4. Output JSON with two keys:
- "entities": {"entity_name": {"type": "...", "attributes": "..."}, ...}
- "relations": [["subject", "predicate", "object"], ...]
5. Only extract facts supported by the documents. Do not infer.
OUTPUT (JSON only):
Best Practices
- Do: Normalize entity names before merging (lowercase, strip whitespace, resolve aliases like "USA" vs "United States") to keep the graph deduplicated.
- Do: Include the original question in every prompt so the LLM stays focused on what matters rather than extracting every possible entity.
- Do: Cap retrieval at 4 iterations. Experiments show diminishing returns beyond this, and runaway loops waste tokens and time.
- Do: Use the linearized graph in the final answer prompt even when all documents are also provided -- the graph acts as an attention guide that helps the LLM connect dispersed facts.
- Avoid: Building the graph as a separate offline step. The key innovation is that graph construction happens during retrieval so it can guide subsequent queries.
- Avoid: Using graph database query languages (Cypher, SPARQL) for the LLM interaction. Linearize the graph as natural language text so any LLM can process it without tool calls.
- Avoid: Extracting relations without grounding them in the source document. Each triple should be traceable to a specific passage to maintain provenance.
Error Handling
- Retriever returns no relevant documents: If a subquery retrieves nothing useful, fall back to reformulating the query using the current graph state. Rephrase using entity names and attributes already in the graph.
- Entity extraction produces garbage: Validate extracted entities against the source documents. If an entity name does not appear (or closely match) any span in the retrieved text, discard it.
- Sufficiency judgment is unreliable: If the LLM frequently says "sufficient" too early (producing wrong answers), add a confidence threshold: require that the graph contains at least one complete path from the question's subject to the expected answer type before accepting sufficiency.
- Graph grows too large for context window: Prune entities and relations with low relevance to the original question. Rank by shortest-path distance to question entities and drop nodes beyond a threshold (e.g., 3 hops).
- Deduplication collisions: When two genuinely distinct entities share the same normalized name (e.g., "Cambridge" the city in the UK vs. US), disambiguate using attributes extracted from documents (country, context).
Limitations
- Depends on retriever quality. If the base retriever cannot surface relevant documents for subqueries, the iterative loop cannot recover. GraphAnchor improves what you do with retrieved docs, not retrieval itself.

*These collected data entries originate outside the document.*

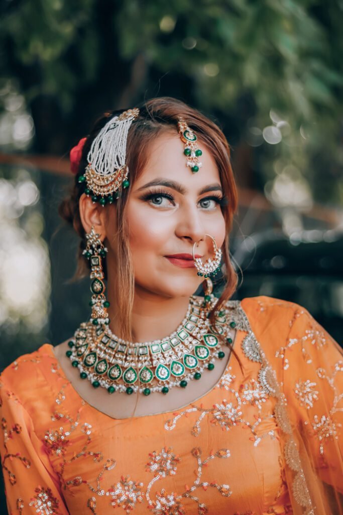 Maang Tikka: Worn on the forehead, this ornament comprises a chain with a central pendant that rests on the bride’s hairline. It’s often adorned with gemstones, pearls, or intricate designs.
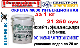 ООО « Universal Plast Montaj Engineering » выражает Вам своё глубокое уважение и почтение, имеет честь сообщить Вам, что мы является с марта 2007 года по настоящее время единственным в Узбекистане официальным дилером завода-изготовителя ЗАО ГК «ПЕНЕТРОН-РОССИЯ» гидроизоляционных материалов проникающего действия системы «ПЕНЕТРОН» (см. Приложение №1 Свидетельство о регистрации и Сертификат дилера ГК «ПЕНЕТРОН-РОССИЯ»).
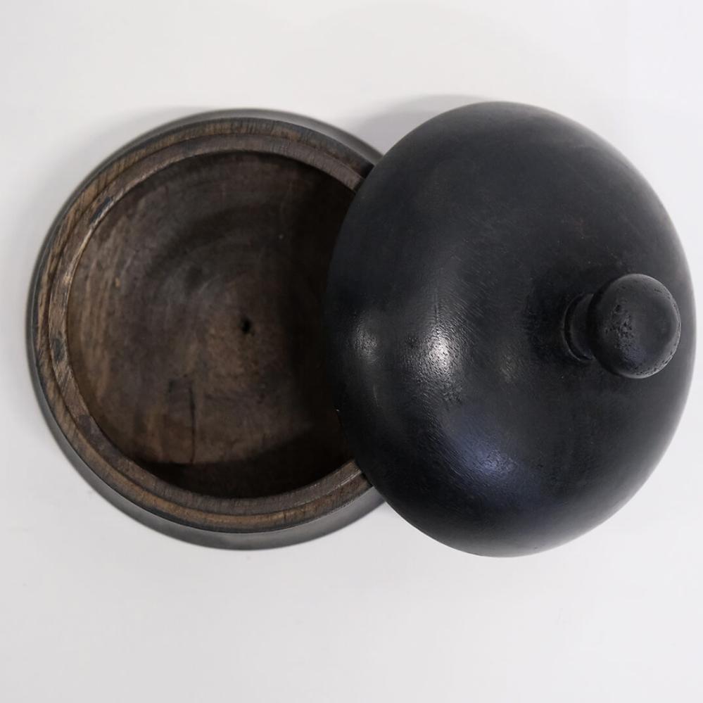 Schöne schwarz lackierte Dose aus Holz mit feinem Deckel. Die Dose ist dekorativ und bietet eine schöne Aufbewahrungmöglichkeit für viele Zwecke an. Sie schmückt mit ihrer weichen und leicht runden Form jede Inneneinrichtung.
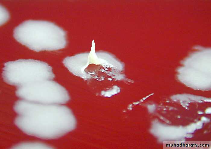 Colonial growth of Bacillus anthracis. When lifted by an inoculation loop, colonies, in this case on sheep blood agar, show a tenacity that allows them to be pulled up and stay upright with a texture similar to egg whites.
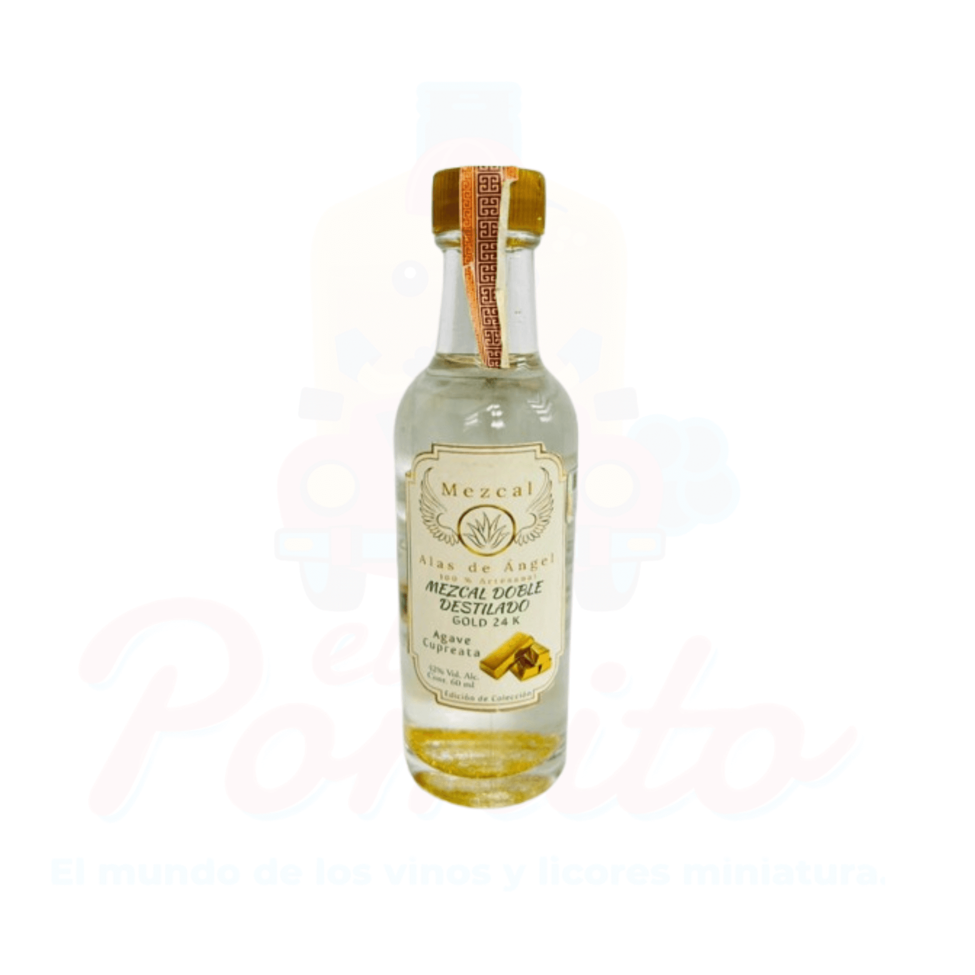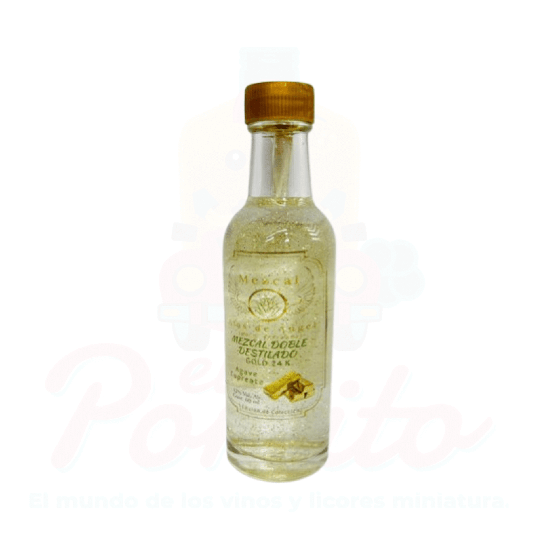 Mini Mezcal Alas de Ángel Doble Destilado Gold 24K 50ml. Botella de Vidrio. Alc. Vol. 42%
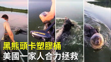 黑熊頭卡塑膠桶 美國一家人合力拯救

- Token-intensive. Each iteration requires multiple LLM calls (extraction, reasoning, judgment). For latency-sensitive applications, consider limiting to 2 steps or using a smaller model for extraction.
- Best suited for multi-hop factoid questions. The technique shines on questions requiring 2-4 reasoning hops across entities. For single-hop lookup or open-ended generation tasks, the overhead is not justified.
- Graph quality depends on extraction quality. Noisy or incomplete extraction degrades the graph's usefulness as an index. Using structured extraction prompts with JSON output and validation helps but does not eliminate this.
- Not a replacement for pre-built knowledge graphs. If a high-quality domain KG already exists, query it directly. GraphAnchor is most valuable when no pre-existing structured knowledge is available and must be constructed on-the-fly from text.
Reference
- Paper: Graph-Anchored Knowledge Indexing for Retrieval-Augmented Generation (Liu et al., 2026). Focus on Section 3 for the iterative retrieval algorithm, Section 4 for the linearized graph format, and Appendix for prompt templates.
- Code: github.com/NEUIR/GraphAnchor -- reference implementation with prompt templates in
prompts_GraphAnchor/en/and main loop insrc/GraphAnchor.py.